■ Provided entries

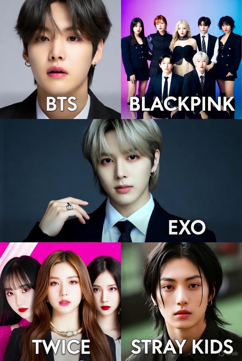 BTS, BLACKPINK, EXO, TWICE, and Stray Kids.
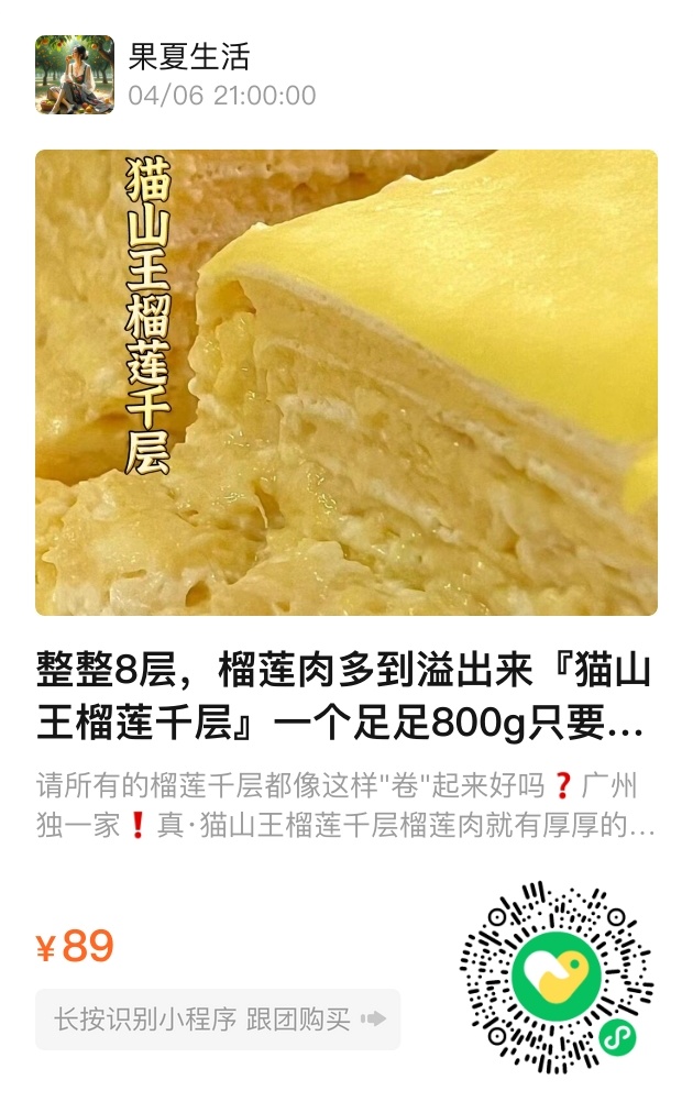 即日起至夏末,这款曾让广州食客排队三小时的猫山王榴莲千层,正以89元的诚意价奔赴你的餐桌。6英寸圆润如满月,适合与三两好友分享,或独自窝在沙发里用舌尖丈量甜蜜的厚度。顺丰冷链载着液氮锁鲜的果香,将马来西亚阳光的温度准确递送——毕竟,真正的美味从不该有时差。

--

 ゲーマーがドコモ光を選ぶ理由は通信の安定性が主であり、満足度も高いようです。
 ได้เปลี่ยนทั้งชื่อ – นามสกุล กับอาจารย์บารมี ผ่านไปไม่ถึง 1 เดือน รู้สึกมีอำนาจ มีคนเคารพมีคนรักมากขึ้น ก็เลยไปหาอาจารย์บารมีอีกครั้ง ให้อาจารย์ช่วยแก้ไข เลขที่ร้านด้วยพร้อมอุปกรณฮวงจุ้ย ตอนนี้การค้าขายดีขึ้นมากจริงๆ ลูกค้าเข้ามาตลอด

■ What this task involves
Could you repeat exactly the lines in the listing above from the one with "ゲーマーがドコモ光を選ぶ理由は通信の安定性が主であり、満足度も高いようです。" down to the one with "ได้เปลี่ยนทั้งชื่อ – นามสกุล"? Include both of those lines.

■ Response
 ゲーマーがドコモ光を選ぶ理由は通信の安定性が主であり、満足度も高いようです。
 ได้เปลี่ยนทั้งชื่อ – นามสกุล กับอาจารย์บารมี ผ่านไปไม่ถึง 1 เดือน รู้สึกมีอำนาจ มีคนเคารพมีคนรักมากขึ้น ก็เลยไปหาอาจารย์บารมีอีกครั้ง ให้อาจารย์ช่วยแก้ไข เลขที่ร้านด้วยพร้อมอุปกรณฮวงจุ้ย ตอนนี้การค้าขายดีขึ้นมากจริงๆ ลูกค้าเข้ามาตลอด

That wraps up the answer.